C-reactive protein, or CRP, is a protein found in blood plasma, the levels of which rise in response to inflammation. In a recent study, levels of CRP were able to predict which of two antidepressants a patient was more likely to respond to.
The 2014 article by Rudolph Uher et al. in the American Journal of Psychiatry reported that low levels of CRP (<1 mg/L) predicted a good response to the selective serotonin reuptake inhibitor (SSRI) escitalopram (Lexapro) while higher levels of CRP predicted a good response to the tricyclic antidepressant nortriptyline, a blocker of norepinephrine reuptake.

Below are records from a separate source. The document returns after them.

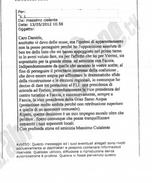 Nel caso di ballottaggio, in cambio dell'apparentamento a Cialente dell'aspirante sindaco Enrico Verini, sarebbero stati promessi ai candidati di Futuro e Libertà posti in giunta e cariche in enti in cui il Comune ha posti nei consigli direttivi.
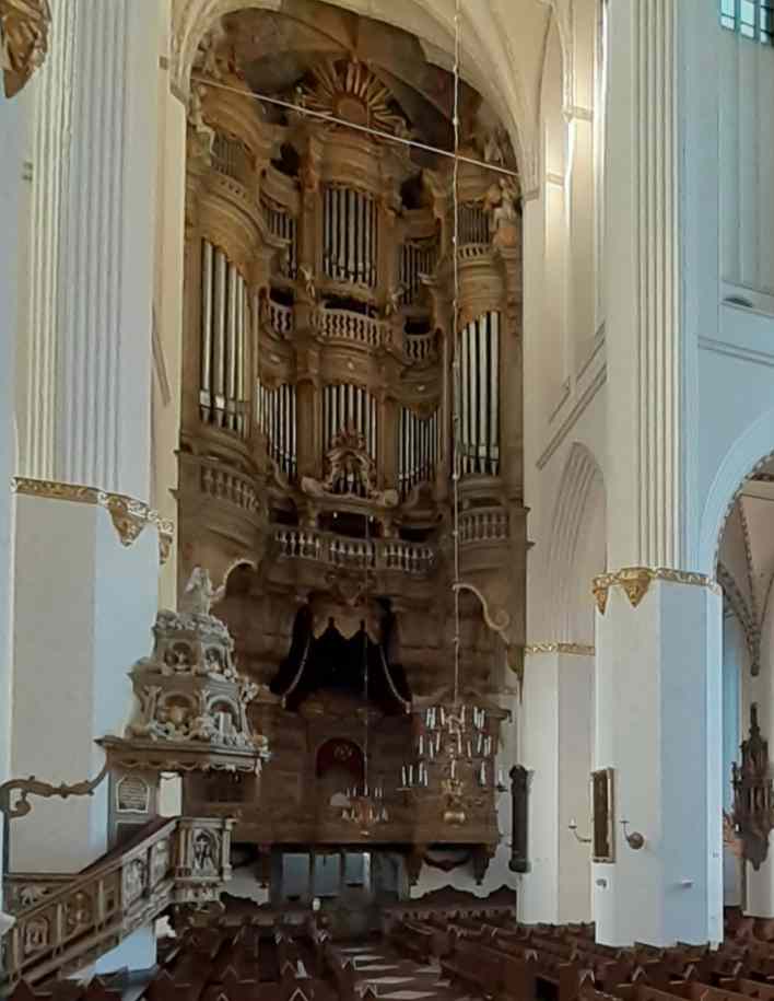 "Blicke auf die Stadt" - KMD Karl-Bernhardin Kropf imnprovisiert an der Orgel der Marienkirche zu Bildern der Stadt Rostock aus der Zeit um 1945.
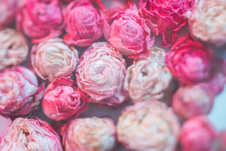 Festive flower decoration. Dried roses mix. Defocused floral background.
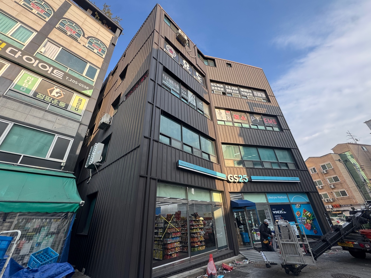 외벽 벽면에 칼라강판을 시공하려면 간판철거를 진행하고 아시바(비계)설치 작업을 먼저 진행합니다.이번 현장은 드라이비트가 시공된 현장이라 하지 프레임 설치 작업시에 아연 각관를 설치하여 튼튼하고 단단하게 외벽에 고정하였습니다.외벽에 칼라강판을 시공하는 작업시에는 스카이 장비차량에 탑승하여 진행하기에는 안전에 문제도 있고 작업시간이 오래걸려서 작업 능률이 오르지 않는 문제가 발생합니다.작업자의 안전과 빠른 작업을 위하여 아시바 설치후 작업하는것 입니다.

The research was part of the Genome-Based Therapeutic Drugs for Depression (GENDEP) study, a multicenter open-label randomized clinical trial. CRP was measured in the blood of 241 adult men and women with major depressive disorder. In the article the researchers say that CRP and its interaction with medication explained more than 10% of the individual variance in response to the two antidepressants.
If these findings can be replicated with these and similarly acting drugs, it would be a very large step in the direction of personalized medicine and the ability to predict individual response to medications.